Conger v. Weaver
Before: Heydenfeldt, Murray
Synopsis
The right to he protected in the possession of the public lands in this State, is founded alone on the doctrine of presumption; for a license to occupy, from the owner, will be presumed.
The Government of the United States, in the face of the notorious occupation of the public lands in this State by her citizens, that upon those lands they have mined for gold, constructed canals, built saw-mills, cultivated farms, and practiced every mode of industry, has asserted no right of ownership to any of the mineral lands in this State.
The State Government has not only acquiesced in this universal appropriation of the public lands for all these purposes, but has studiously encouraged them, in some instances, and recognized them in all; and this Court has held that the State, in her legislation on the subject, has established the policy of permitting all who wish, to work the mines, with or without conditions.
Yet this permission has not been derived from express legislation, but by general legislation, looking at the general state of things, from which a license is necessarily presumed to all who choose to avail themselves of it.
Among the other pursuits thus encouraged, and which have been referred to in legislative acts and been made the subjects of revenue, is the construction of ditches, canals and flumes, for the purpose of conducting water for mining purposes.
This right, then, like digging gold, is a franchise, and the attending circumstances raise the presumption of a general grant from the sovereign, of this privilege; and every one who wishes to attain it has license from the State to do so,, provided that the prior rights of others are not infringed upon.

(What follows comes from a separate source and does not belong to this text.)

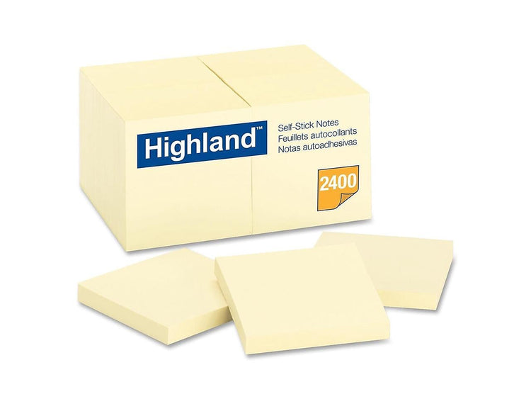 Highland Sticky Note, 3" x 3", Yellow, 100 Sheets/Pad, 24 Pads/Pack (654924PK)

As, from the nature of these works, time is necessary to complete them, the license would be valueless, if the right did not commence until their completion; and it must be presumed that, in granting the license, the State did not intend it should be turned into so vain a thing, but designed it to be effectual, for the object in view; and it consequently follows that the same rule must be applied here to protect this right as any other.
In constructing canals, under the license of the State, the survey of the ground, planting stakes along the line, giving public notice, and actually commencing and diligently pursuing the work, is as much possession as the nature of the subject will admit, and forms a series of acts of ownership which must be conclusive of the right.
The enclosure of the ground used in digging a canal, not being necessary for the work, would give its proprietors no higher rights; nor is it necessary, as notice, to those who have received actual notice, of the intended line of the canal.
Opinion — Heydenfeldt
Mr. Justice Heydenfeldt delivered the opinion of the Court. Mr. Justice Terry concurred. Mr. Chief Justice Murray dissented.
It is admitted in the argument, on both sides, that the rights claimed by both parties are in and to the public lands, neither of them having title, except what arises from possession, or the claim of it.
In the decisions we have heretofore made upon the subject of private rights to the public domain, we have applied simply the rules of the common law. We have found that its principles have abundantly sufficed for the determination of all disputes which have come before us; and we claim that we have neither modified its rules, nor have we attempted to legislate upon any pretended ground of their insufficiency.
That new conditions and new facts may produce the novel application [556]of a rule which has not been before applied, in like manner, does not make it any less the common law; for the latter is a system of grand principles, founded upon the mature and perfected reason of centuries. It would have but little claim to the admiration to which it is entitled, if it failed to adapt itself to any condition, however new, which may arise; and it would be singularly lame if it is impotent to determine the right of any dispute whatsoever. Having, as far as we have gone, met all difficulties by adhering to its doctrines, we have no ground to presume that we will have to go beyonds its precincts for a solution of any which may arise.
One of the favorite and much indulged doctrines of the common law, is the doctrine of presumption. Thus, for the purpose of settling men’s differences, a presumption is often indulged, where the fact presumed cannot have existed. In support of this position, I will refer to a few eminent authorities.
In Eldridge v. Knott, Cowper, 215, Lord Mansfield says: “ Lord Coke says, somewhere, that an Act of Parliament may be presumed, and of late it has been held that even in the case of the crown, which is not bound by the statutes, a grant may be presumed from great length of possession. It was so done in the case of the corporation of Hull & Horner; not that, in such cases, the Court really thinks such a grant has been made, because it is not probable a grant should have existed without its being on record, but they presume the fact for the purpose, and from a principle, of quieting the possession.”